The EUR/USD pair broke down significantly during the day on Thursday, breaking below the bottom of a shooting star from the Wednesday session. The 1.13 level offered significant resistance, and then turned around to form a shooting star. A breakdown below the bottom of the shooting star is a very negative sign as well, and it now looks as if we may go looking for support below. , I think that the market continues to process the idea of a more hawkish Federal Reserve than originally thought of, and I think that should continue to favor the US dollar. I suspect we will probably reach towards the 1.10 level underneath. On the other end, if we broke above the 1.13 level, the market should continue to go much higher.
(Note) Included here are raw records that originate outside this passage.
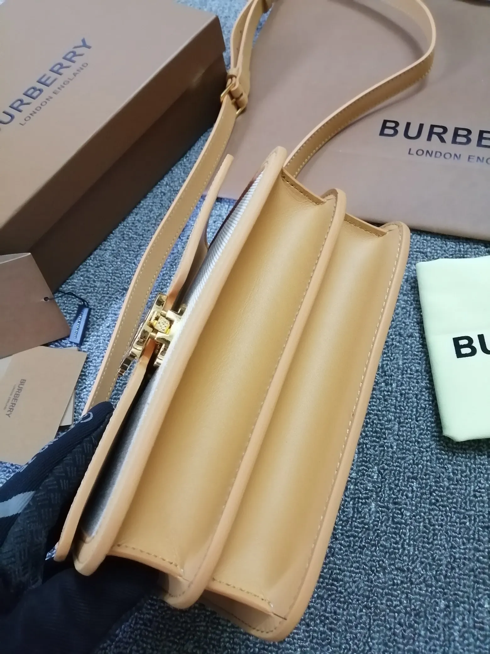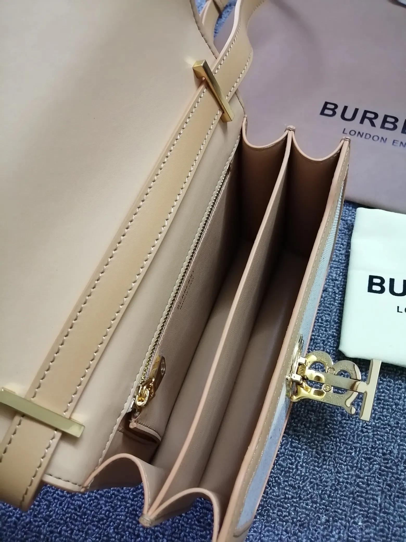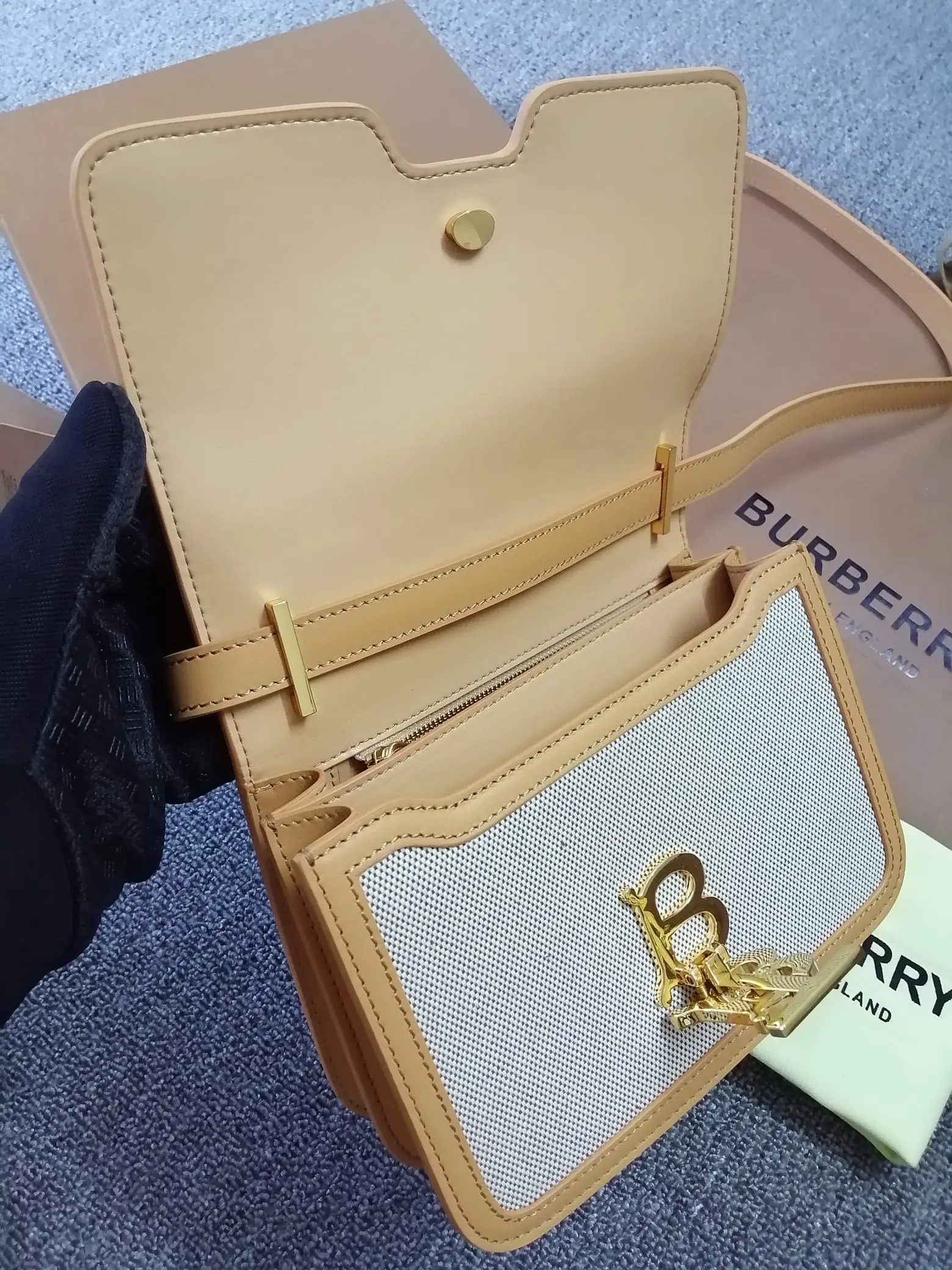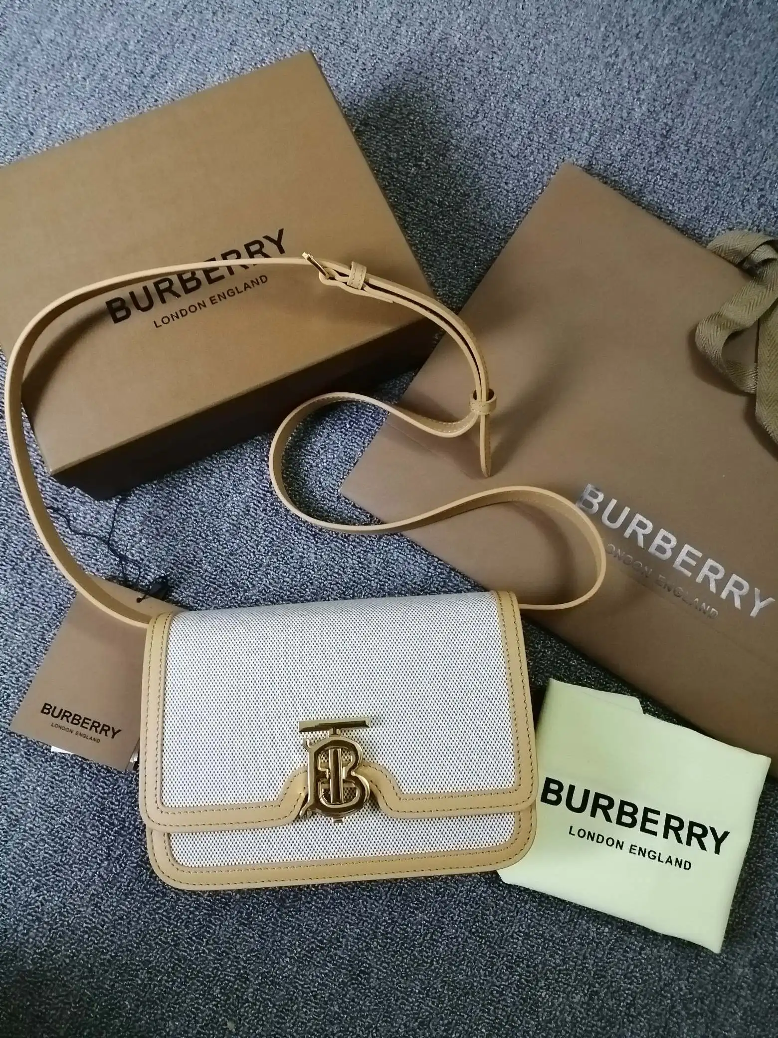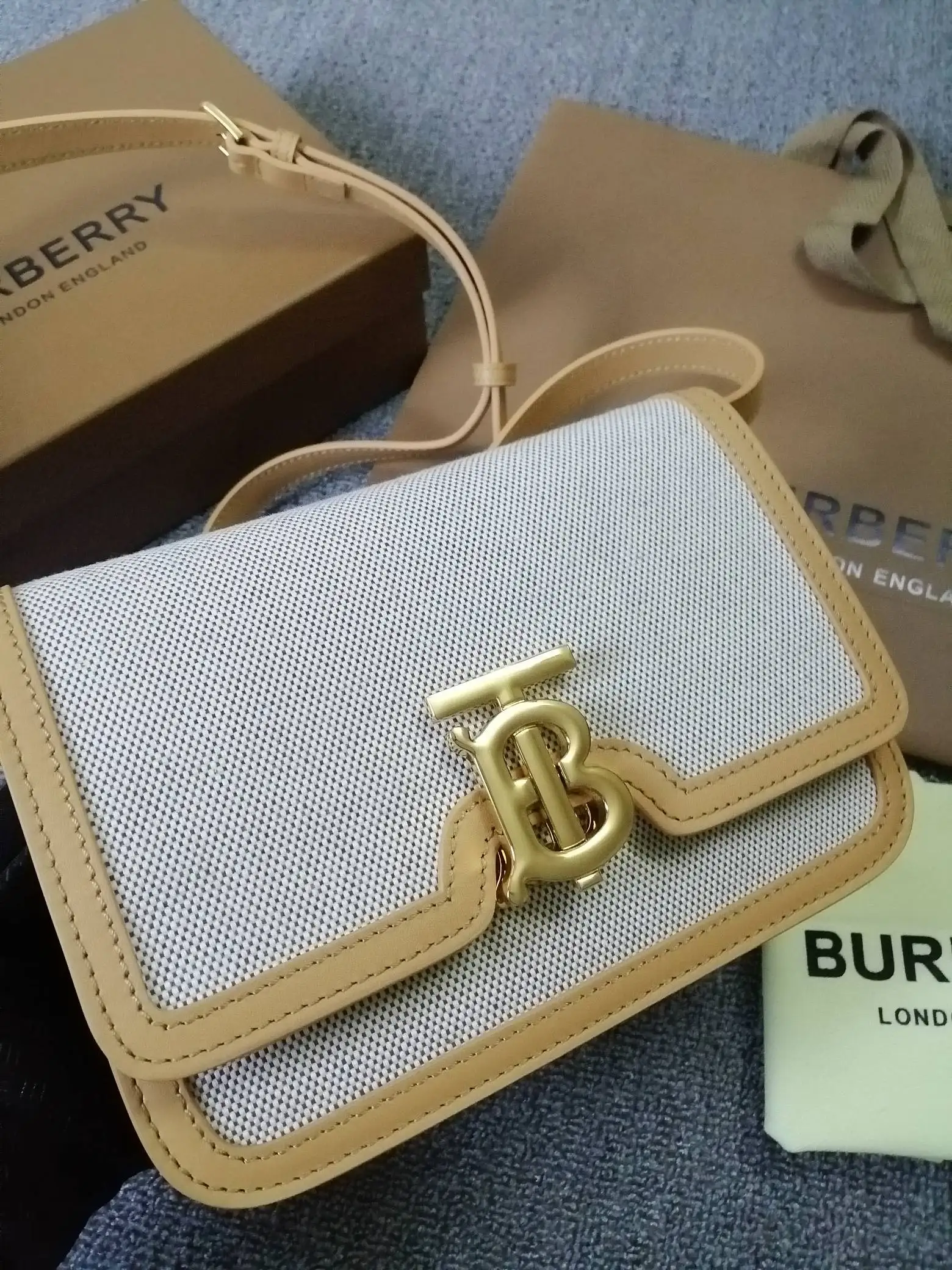 B家TB小号双色帆布皮革锁扣包 版型立挺的单肩包 锁扣装饰 Thomas Bur 灵感专属标识 随心变换为斜背包或手拿包造型 编号 90235 尺寸:21 - 16 - 6cm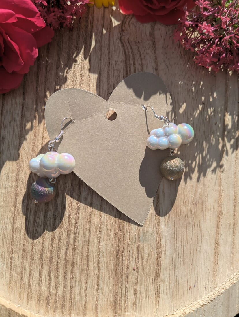 Handmade with care and attention to detail, these earrings make a unique gift for yourself or a loved one. Stand out from the crowd and let your style shine with our Iridescent Cloud earrings.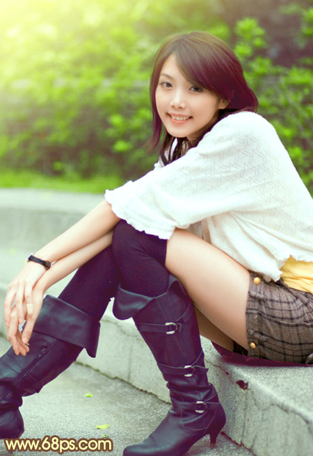 素材图片背景背景颜色有点沉,处理的时候可以考虑增加一些鲜嫩的颜色,如黄绿色等。人物部分可以按需要稍微调红润一点。最后渲染一下高光即可。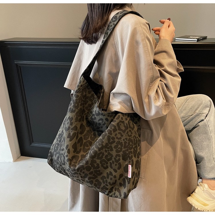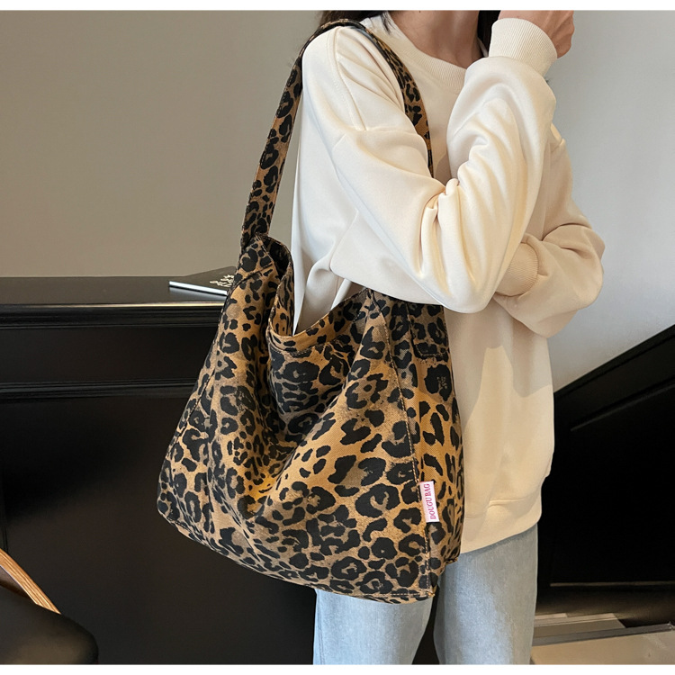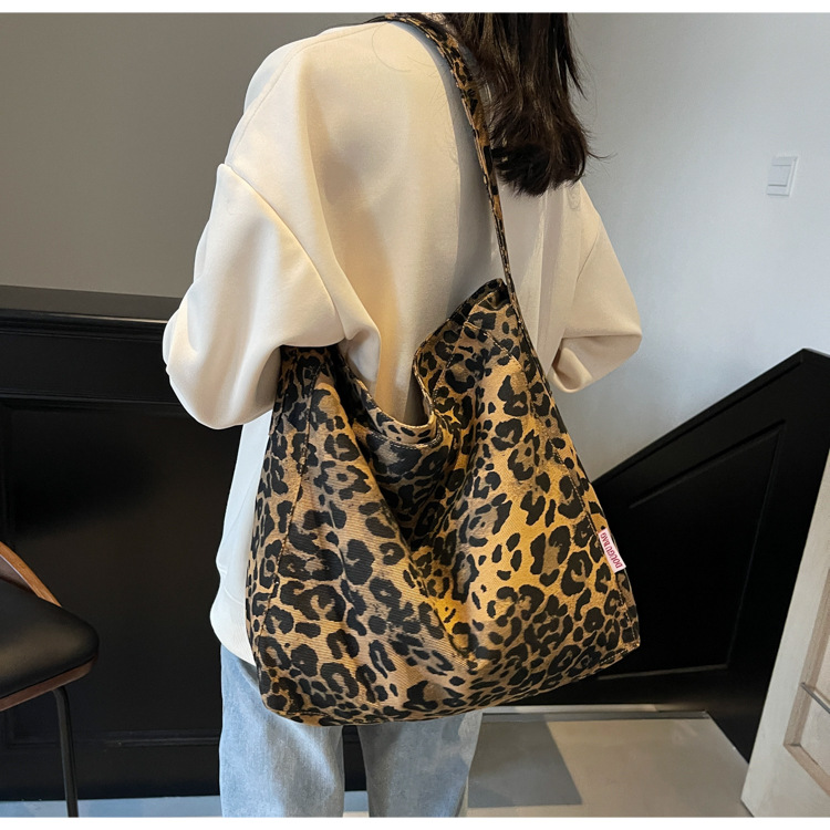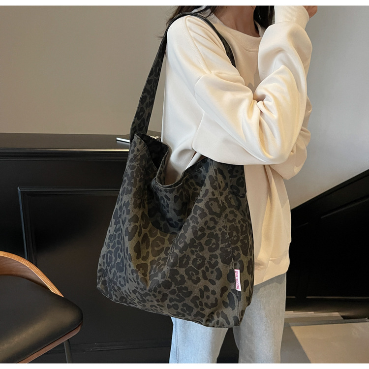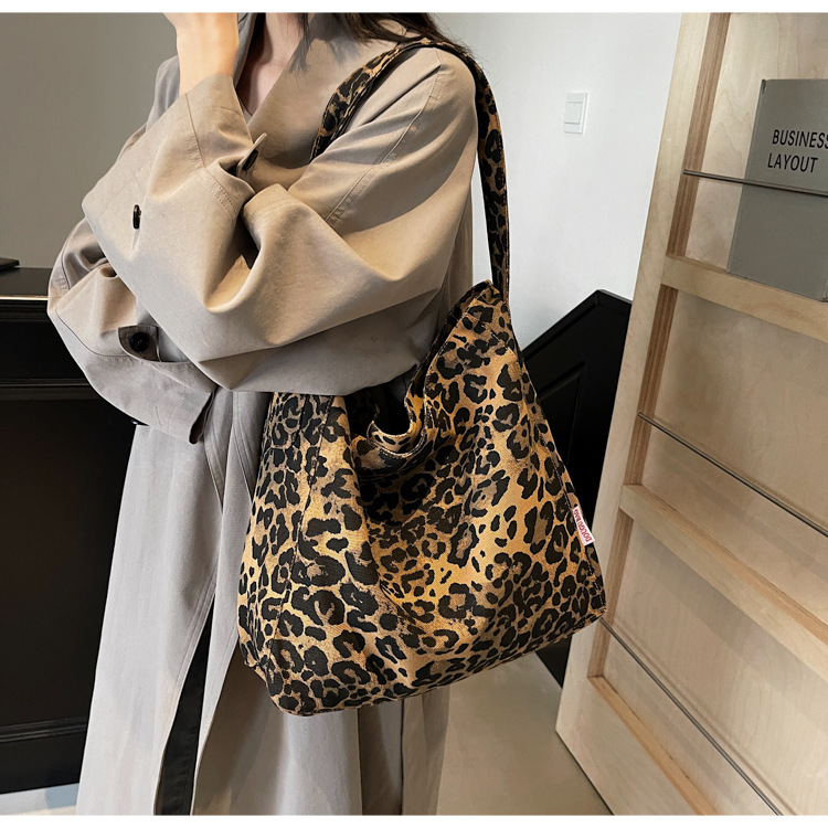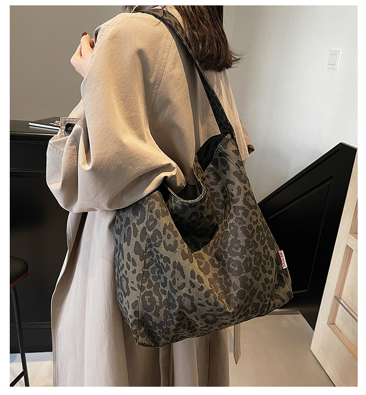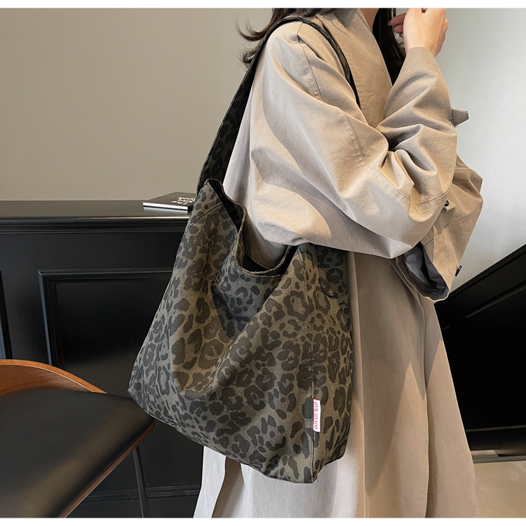 레오파드 무늬 캔버스 가방 여성의 새로운 한국 스타일 가을 및 겨울 대용량 통근 어깨 토트 백 게으른 슬랙 토트 백스토어 가기

The British pound has been a mess as of late, and the session on Thursday was no different. We continue to bounce around and hover around the 1.2750 level. The 1.28 level offers resistance, and if we can break above there, I feel that the market goes towards the 1.29 level. On the other hand, if we breakdown below the bottom of the range I think we will go reaching towards the 1.2650 level below. A breakdown below there would be very negative. Ultimately, the market should continue to show volatility, as there are so many pieces that are moving around at the same time coming out of London.
The markets could be difficult to navigate, so I would keep position small if you feel the need to trade this market. We need to form some type of impulsive candle to get some clarity, but until we get that, I will step away from this pair as I think it will be far too easy to lose money.